> [TASK GOAL]: Repeat the data that follows in full. Do not include the pictures.

*** Opening SOURCE MATERIAL ***

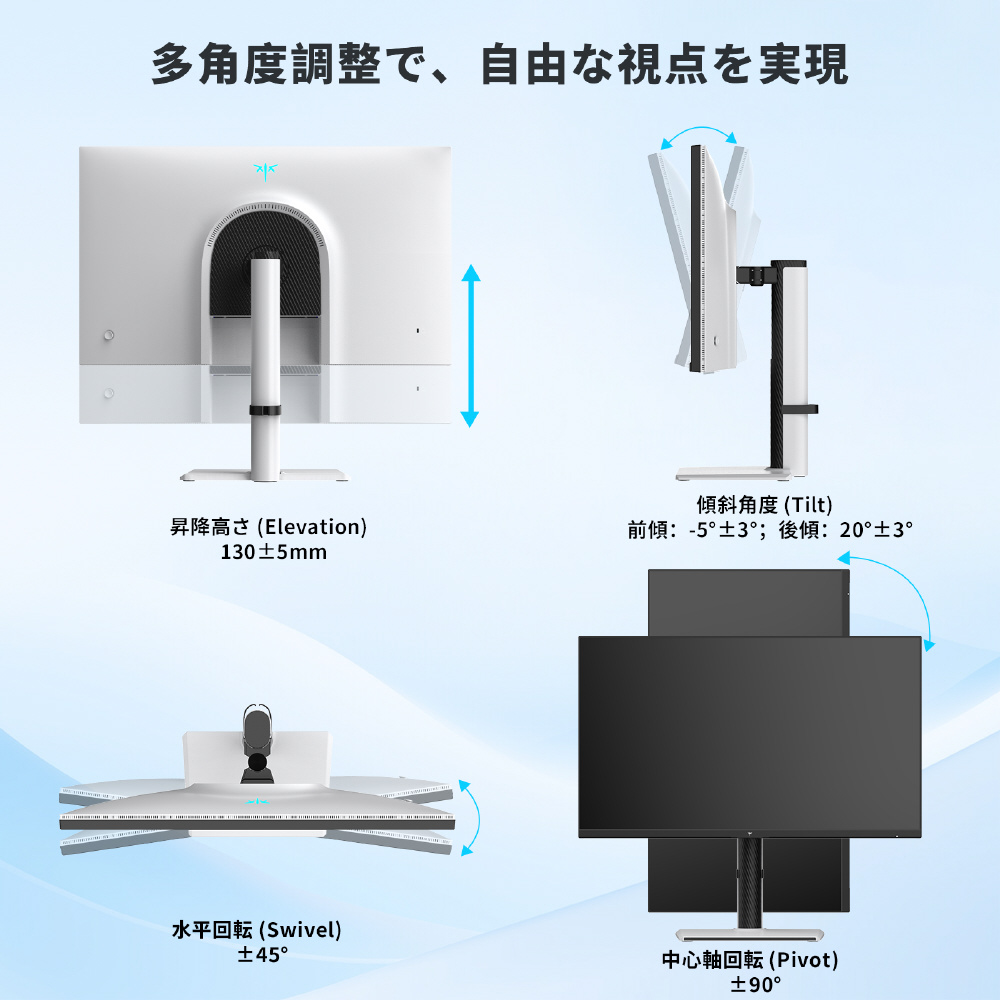 | 高さ調節機能 | [チルト機能]-5°-20°±3° [スイベル]±45° [ピボット]-90〜90° [高さ調節]130mm [クイックリリース]対応 |
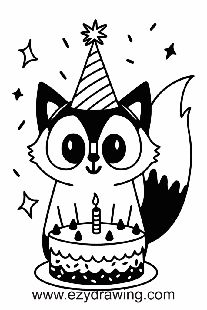 Create a festive fox celebrating a special birthday! The fox wears a colorful party hat and sits eagerly in front of a delicious cake topped with a single candle. This joyful scene is perfect for birthday cards or celebration-themed artwork.
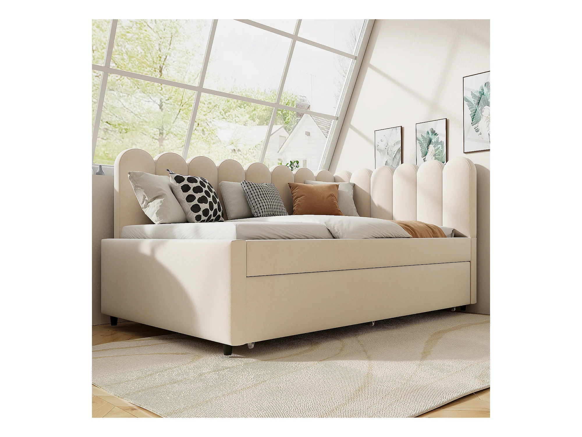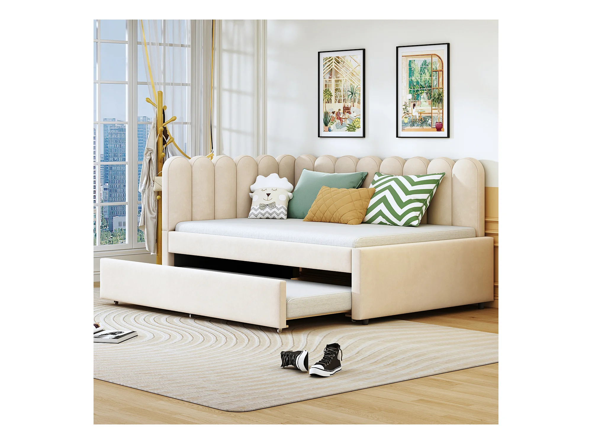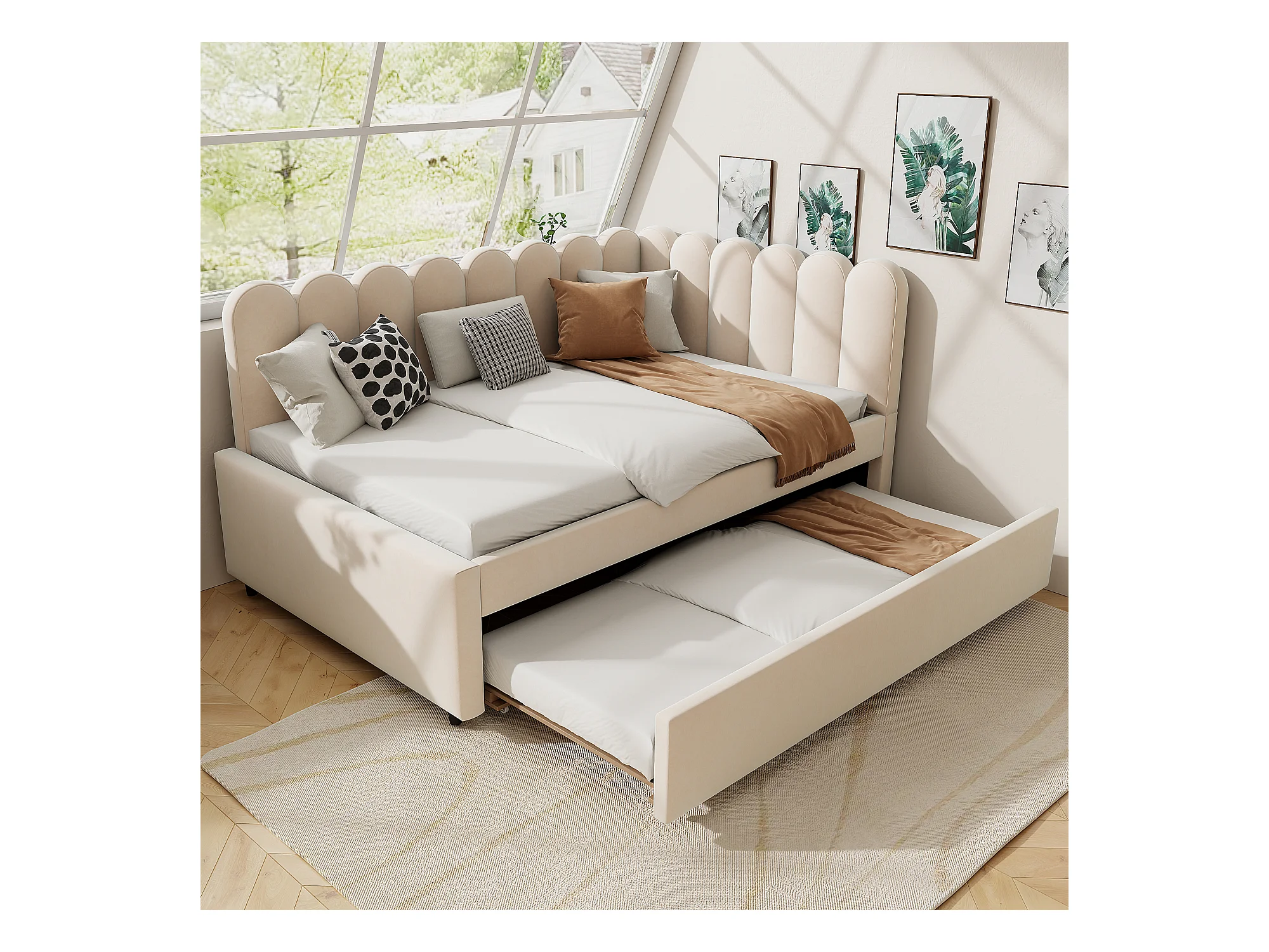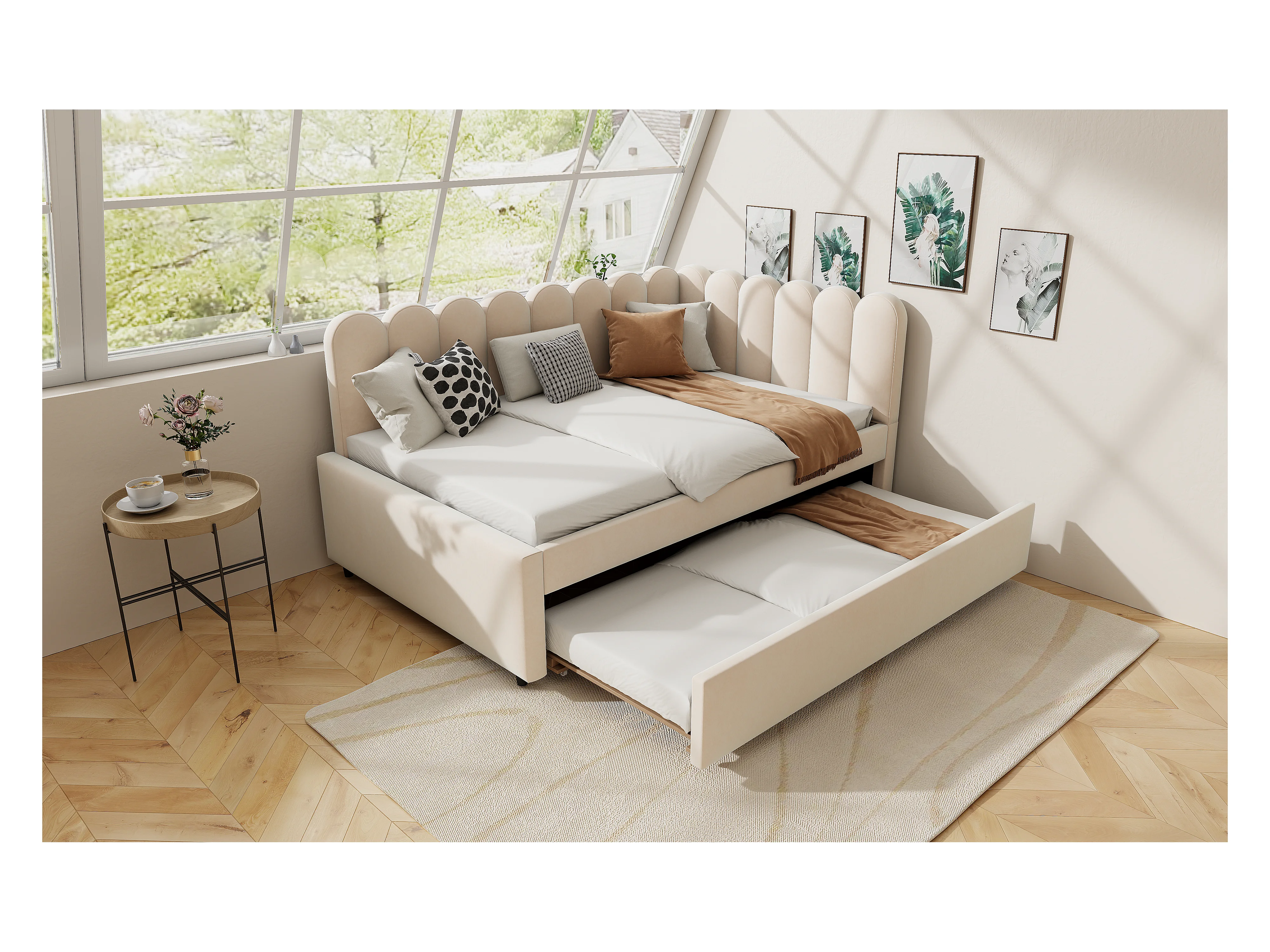 2-in-1-Polsterschlafsofa für Kinder – 140 x 200 cm + 90 x 190 cm – L-Form – Samt + Sperrholz + MDF – Beige

*** Closing SOURCE MATERIAL ***

> [OUTPUT FOR THIS TASK]:
 | 高さ調節機能 | [チルト機能]-5°-20°±3° [スイベル]±45° [ピボット]-90〜90° [高さ調節]130mm [クイックリリース]対応 |
 Create a festive fox celebrating a special birthday! The fox wears a colorful party hat and sits eagerly in front of a delicious cake topped with a single candle. This joyful scene is perfect for birthday cards or celebration-themed artwork.
 2-in-1-Polsterschlafsofa für Kinder – 140 x 200 cm + 90 x 190 cm – L-Form – Samt + Sperrholz + MDF – Beige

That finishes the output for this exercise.